My Mother: What Is Womanism? – Part 1

I didn’t know the term, “Womanism” until I came to college. But, learning the term furthered my understanding of Socrates great saying, “All learning is a recollection,” and I can honestly say I have been a disciple of a womanist the entirety of my life, and I have been exposed to the power of Womanism long before stumbling across the term. It was my good friend Bilphena who introduced me to the concept, but it was my mother who exposed me to it in practice. Let it be known, theory without practice is like a fiction lingering upon potentially prophetic pages or, better yet, revolutionary thoughts versus revolutionary activities. My mother showed me that what my friend Bilphena was talking about in theory was possible in actuality. Nevertheless, before I continue I must make three things clear: 1) My mother does not identify as a womanist. 2) Womanism is not feminism or black feminism. 3) My mother is not a feminist. My mother doesn’t uphold or accept any of the following labels (this may make the case for her being a womanist even stronger, however) and she most explicitly denounces feminism. In fact, she is astounded or perhaps, repulsed, when I mention the possibility of my wife maintaining her last name or me, hyphening my own. In fact, she passionately believes in the idea of the “women’s role” in the sense of cooking, cleaning, and nurturing. In fact, the word, “patriarchy” may be as foreign to her as the word, “womanism” is. Nevertheless, even in my own acceptance of the feminist ideology based solely in my belief in gender equality, even in her renouncement of the ideas that follow such an ideology, my mother still remains a pillar in my own acceptance of even feminism. However, this is about womanism, which as I mentioned earlier, is not feminism.

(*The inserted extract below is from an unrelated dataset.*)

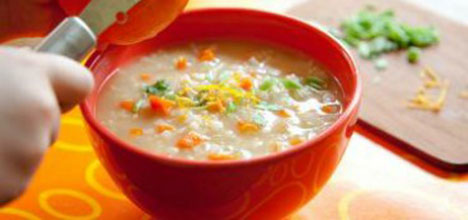 Congee is a thick Chinese soup made with rice, which sort of explodes as it cooks. Okay, it doesn't really explode, but it doesn't keep its rice-like shape and it kind of breaks apart. In China they eat it for breakfast, but we like it for lunch and dinner too. It can also be called jook.
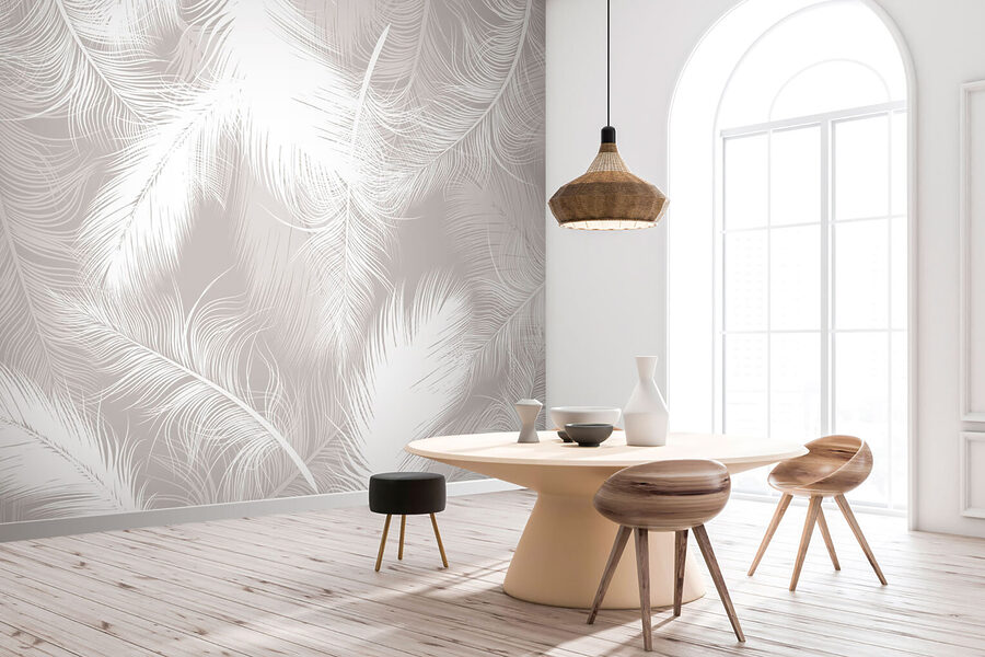 Szeretné eleganciával feldobni a terét? Nézze meg a “Finom fehér tollak” falfestményt. Komolyan, képzelje el, hogy erre ébred – puha, bonyolult tollak, amelyek lágyan lebegnek a falon. Olyan, mintha szobádat egy hangulatos, álmodozó felhőbe burkolnád. Tökéletes hálószobai szentélynek vagy nyugtató nappali hangulatnak. Úgy tűnik, minden egyes toll könnyed, légies táncot jár, ami azonnal derűsebbé teszi a teret. Így akár egy könyvvel lazítasz, akár barátokat fogadsz, ez a falfestmény tökéletes, nyugodt hangulatot teremt. Meleg és szeszélyes, éppen a megfelelő érintés ahhoz, hogy otthonodat békés pihenőhellyé varázsolja.

Then, what is womanism? According to prominent womanist thinker, Layli Phillips, “Womanism is a social change perspective rooted in Black women’s and other women of color’s everyday experiences and everyday methods of problem solving in everyday spaces, extended to the problem of ending all forms of oppression for all people, restoring the balance between people and the environment/nature, and reconciling human life with the spiritual dimension.” My mother, the Black woman who gave life to my flesh and soul to my being, is naturally the first figure to which I can easily observe in everyday experiences and everyday methods of problem solving in everyday spaces; however, there is an energy, a devotion, and a dedication to ending oppression, restoring balance, and reconciling life with an infallibly, unbreakable soul and spirit that resonates within the language and actions of my mother that cannot be broken, and this, is the very root, the very essence of womanism.

With that being said, perhaps the way in which my mother could have impacted my understanding of womanism is already starting to formulate in front of your eyes within the universal image of the great maternal mother. But we are not there yet, and there is much more to it than that. First, take into consideration her condition, conditions of which I acknowledge and understand as disadvantages (she may not acknowledge them as so, and this is mainly a testament to my mother’s vigilant assault against being labeled or accepting a loss or failure as an option regardless of the biased and unjust obstacles placed in front of her): 1) Inaccessibility to privileges (white privilege, wealth privilege, “nuclear-family” privilege, male privilege, etc.) 2) Societal and historical hatred or distaste for black women (slavery, Jim Crowe, Voting Rights, mass incarceration of black males and females, fear of sexual assault, “ideal” beauty, and colorism all effect dark black women, like my mother, more than they effect whites, black males, and light skin black women) 3) Raising two boys (almost men) after my father and her divorced. Now with the intersectional disadvantages set out and many others potentially left out, I need to make one final thing clear before the conclusion of the paper.

 “Womanism manifest five overarching characteristics: 1) It is antioppressionists. 2) It is vernacular. 3) It is nonideological. 4) It is communitarian and 5) it is spiritualized” (Phillips). The manifestation of these characteristics within womanism is a “gift of power” revolutionized in the realm of the common day exhibitions of maternal love, but magnified by the occurrence of intersectional oppression and unconditional love. The quotes of my mother, and the philosophy of my mother and how it relates with these five overarching characteristics will be examined in the next paper, entitled My Mother: The Womanist, but understand what it means to be a womanist is essential in first understanding why I say my mother is one.

Works Cited

Phillips, Layli. “Womanism: On Its Own.” Introduction. The Womanist Reader. New York: Routledge, 2006. N. pag. Print.